The Thomas MacDonagh museum and heritage centre was opened in May 2013. Located in the former home of the MacDonagh family, the centre also houses the town library and an exhibition space. A Thomas MacDonagh Week-end was first held in May 2014, a celebration of Cloughjordan's connection with MacDonagh is now an annual event.

A cineclub was officially launched on 25 August 2005 – some forty-four years since a film had last been screened in Cloughjordan.

The community amphitheatre, was opened by Michael D. Higgins, President of Ireland in April 2017.

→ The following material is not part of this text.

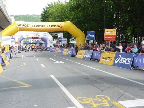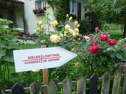 Ein Junge auf dem Trampolin stiehlt jedem Läufer die Show. Ist aber auch gerechtfertigt. Der hat so viel Spaß, der wird in wenigen Jahren hier gewinnen. Weniger Fahrradbegleitungen als sonst, die hier auf Erstläufer warten, aber nach 54 Jahren Biel muss doch wohl jeder gute Läufer schon hier gewesen sein.
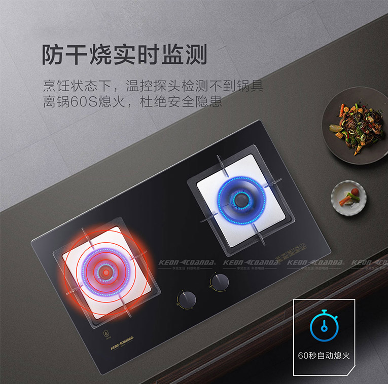 另外,大多數(shù)家在購買廚電的時(shí)候順手買個(gè)燃?xì)庠睿]有專門的去選購一款適合的、安全的燃?xì)庠睢_@就導(dǎo)致了一些家庭的廚房安全沒有辦法得到保障,會(huì)出現(xiàn)燒干鍋、鍋空燃等安全隱患。KN610智能防干燒灶具擁有防干燒裝置功能,左爐頭帶日本進(jìn)口探頭防干燒裝置,意外忘記關(guān)火外出干燒時(shí),將會(huì)自動(dòng)關(guān)火,同時(shí)當(dāng)鍋離開60S時(shí)將自動(dòng)熄火,杜絕了安全隱患!

In 2012, 2013 and 2014 Cloughjordan won the National Green Community Award.

==People==
- Patrick Bergin, actor, resides in Cloughjordan.
- Dinny Cahill, former hurling player and manager born 1954 in Cloughjordan
- Michael Joseph Costello, Army General, born 1904 in Cloughjordan.
- Len Gaynor, former hurling player and manager born 1944 in Cloughjordan.
- John MacDonagh, film director and playwright, brother of Joseph and Thomas MacDonagh (see below).
- Joseph MacDonagh, Sinn Féin politician, brother of John (see above) and Thomas (see below). Died whilst on hunger strike in 1922.
- Thomas MacDonagh, poet and Easter Rising leader, born in Cloughjordan, was one of the signatories of the 1916 Proclamation of the Republic. The local heritage centre and Gaelic Athletic Association park bear his name and a statue of him stands at the top of Main Street.
- Tom Moloughney, former hurler, born 1940 in Cloughjordan.
- Eamon O'Shea, former hurler and coach, born 1958 in Cloughjordan.
- Charlie Swan, multiple National Hunt champion jockey.
- John Talbot, Canadian Reformer and schoolmaster, born 1797 in Cloughjordan.